I’ve been struck lately in this era of widespread disgruntlement with governing elites at the extraordinary extent to which our recent troubles are the fault of outsider types who don’t know what they’re doing.

The poster boy for this is George W. Bush, who not so long ago could be found arguing that governing experience was overrated and what America needed was an outsider to clean up the mess in Washington. Bush was, in many respects, simply a president I disagreed with ideologically. But he also oversaw a genuinely incompetent administration. Ideology played a role in Bush’s foreign and domestic failings, of course, but Bush’s reputation and the health of the conservative movement were massively damaged by the bungled Iraq intelligence and warplanning and the total inattention to financial regulatory matters.

Obama, too, made rookie mistakes in 2009. His vetting process didn’t work well, he was inattentive to personnel matters, and as a consequence crucial jobs at the Federal Reserve Board and the Federal Housing Finance Agency were unfilled at the time when smart leadership there could have boosted the recovery.

A disastrous war, a cataclysmically unsupervised banking system, and a painfully slow recovery: These are the public’s very legitimate complaints with American governance in the 21st century. But they show, mostly, that America doesn’t need a charismatic outsider. Instead, a diligent worker who will put the time and energy in to make sure the little things work — because sometimes the little things cost millions of jobs or thousands of lives.

It sounds like a job for Hillary Clinton.

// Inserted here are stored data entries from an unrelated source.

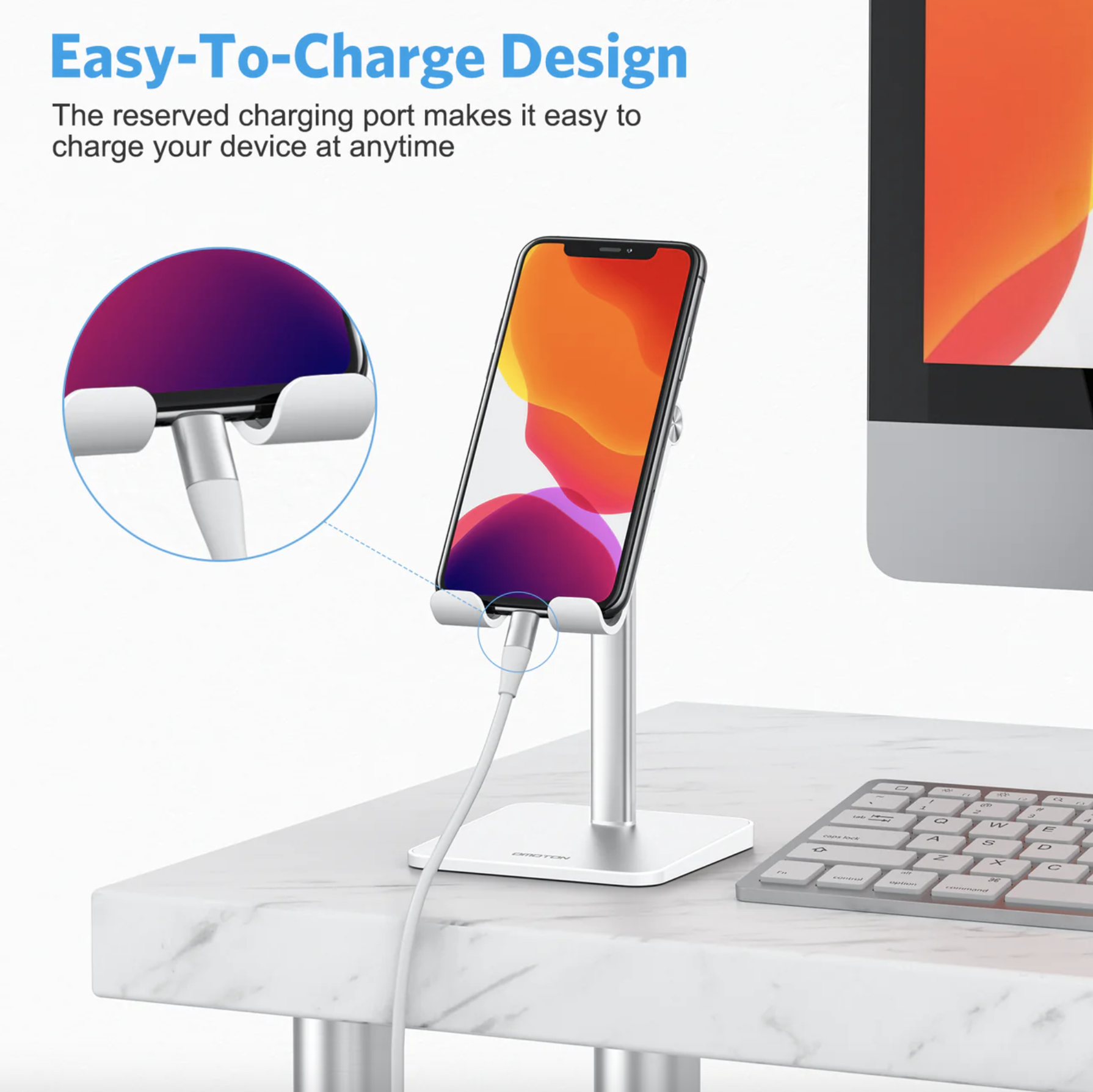 • Einstellbare Höhe und Winkel. Mit einem flexiblen Höhenbereich von 6,29 bis 8,29 Zoll und einem Neigungsbereich von bis zu 45 Grad bietet der Telefonständer den perfekten Betrachtungswinkel zum Spielen, Ansehen von Videos oder Facetime-Anrufen. Es hilft, die Nackenbelastung zu reduzieren und sorgt für ein angenehmes Arbeits- und Unterhaltungserlebnis.
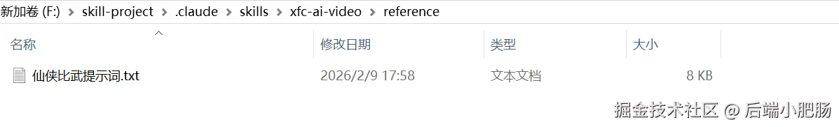 基于目录设计,在.claude目录下新建项目文件夹,如下图所示,我在F:\skill-project.claude\skills\目录下新建了xfc-ai-video目录。
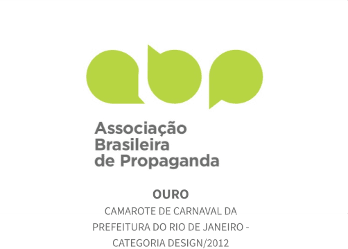 Projeto premiado com o Ouro pela ABP para o Camarote da Sapucaí da Prefeitura do Rio de Janeiro no maior carnaval do mundo.

Make American politics boring again

I’ve always loved politics. I used a dial-up internet connection to debate issues on Prodigy. I spent two weeks of the summer of 1998 in the dorms at American University at a weird camp for teenage politics dorks. In 1999, I got to college and the watchword of the day among people interested in politics was apathy. Why were kids so apathetic these days? Why didn’t they care?

The answer, in retrospect, is that the politics of the late 1990s were really boring and only a ridiculous politics dork would be interested in them. Yes, there was a shocking sex scandal. But mostly you had aides from opposing parties huddled in room talking about pay-fors and offsets and S-CHIP expansion. A normal, sensible person could take for granted that the country was going to basically function from one day to the next in a non-catastrophic manner and move on with the problems in their lives.

That all changed on 9/11. It’s been good for me, professionally, to have moved into writing about politics on the internet in the midst of a vast structural increase in the level of public interest to politics. Donald Trump is a great story. Here’s a guy who has no idea what he’s talking about and might destroy American democracy and people are voting for him! Great story.

But while it might be bad for me, American needs its politics to get a lot more boring again. The good news is there’s some signs we might be turning back that way. The economy isn’t great, but it is okay and it continues to get stronger. Crime is higher than it should be, but it’s lower than it was 10 years ago. ISIS is horrifying, but 15 years ago we were worried about terrorists with a nuclear bomb, not an AR-15.

What America needs is someone to keep it on track. To do the tedious, boring work of filling thousands of executive branch appointments with competent people and to get them more or less on the same page about what they’re supposed to do with themselves. To sit down with congressional leaders and hammer out budget deals. To try to make sure nothing too interesting happens, and that men and women across this great land of ours can afford to go back to not really caring about what happens in Washington.

It would make for a terrible speech, but it sounds like a job for Hillary Clinton.